In another system, the airflow is exhausted through a large porous (small pores) element encased by perforated metal. This design offers adequate noise suppression with good airflow. However, the design can trap dust and quickly become more restrictive.
Other examples offer the similar styles that place a porous type element or mesh in the direct or rebound path of the exhaust compressed air near the expansion point.
One such system is disclosed in my copending application Ser. No. 13/021,256, entitled: “Air Blast Blowdown Silencer System for Blast Pot”, entitled filed on Feb. 4, 2011. The blowdown system there disclosed includes an initial restrictor in communication with a blast pot vessel for controlling the flow of pressurized air from the vessel into a first expansion chamber which is in communication with a reducer. The outlet of the reducer introduced into a muffler system which includes an exhaust path and a deflector for absorbing and or deflecting abrasive particles which may be evacuated from the blast pot vessel during blowdown.
Decompressing or “blowing down” a blast pot without a muffler or silencer could create noise levels in excess of 130 dB. In addition, the grit particles that are often mixed and entrained within the exhaust flow are traveling at a high velocity. These particles will abrade any obstruction of the exhaust airstream. Prior art would use mufflers that direct all or most of the exhaust flow through porous membranes.
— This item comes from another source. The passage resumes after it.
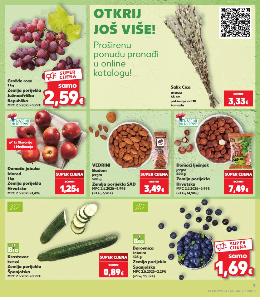 kratkotrajna ponuda kratkotrajna ponuda vedrini badem jezgra 500 g zemlja porijekla sad mpc 2.5.2025=4,99€ (=1 kg 6,98€) domaća jabuka idared 1 kg zemlja porijekla hrvatska mpc 2.5.2025=1,49€ super cijena super cijena domaći lješnjak jezgra 500 g zemlja porijekla hrvatska mpc 2.5.2025=6,99€ (=1 kg 14,98€) super cijena krastavac komad zemlja porijekla španjolska mpc 2.5.2025=0,99€ borovnica košarica 125 g zemlja porijekla španjolska mpc 2.5.2025=2,29€ (=1 kg 13,52€) super cijena grožđe rose 1 kg zemlja porijekla južnoafrička republika mpc 2.5.2025=3,99€ samo 1,25 € samo 3,49 € samo 7,49 € samo 0,89 € salix cica maca 68 cm pakiranje od 10 komada samo 3,33 € otkrij još više! proširenu ponudu pronađi u online katalogu! ✓ iz slavonije i međimurja 1,6 9 1,69 € € samo super cijena 2,5 9 2,59 € € samo super cijena s3-hr-kw14-lft-og_sub_2_r-1030-11 3

While this does reduce the exhaust noise level, the membranes would eventually clog as they accumulate dust. The clogged membranes restrict air flow and progressively increase decompression time, creating a potentially hazardous situation.
In addition, these porous elements were not capable of withstanding impact and would wear quickly. The aforementioned patent application utilizes an expansion chamber and sound absorptive material to reduce the noise level. While this sufficiently mitigated the abrasion of exhaust air from the device, it did not address the abrasion on the sound absorptive components within.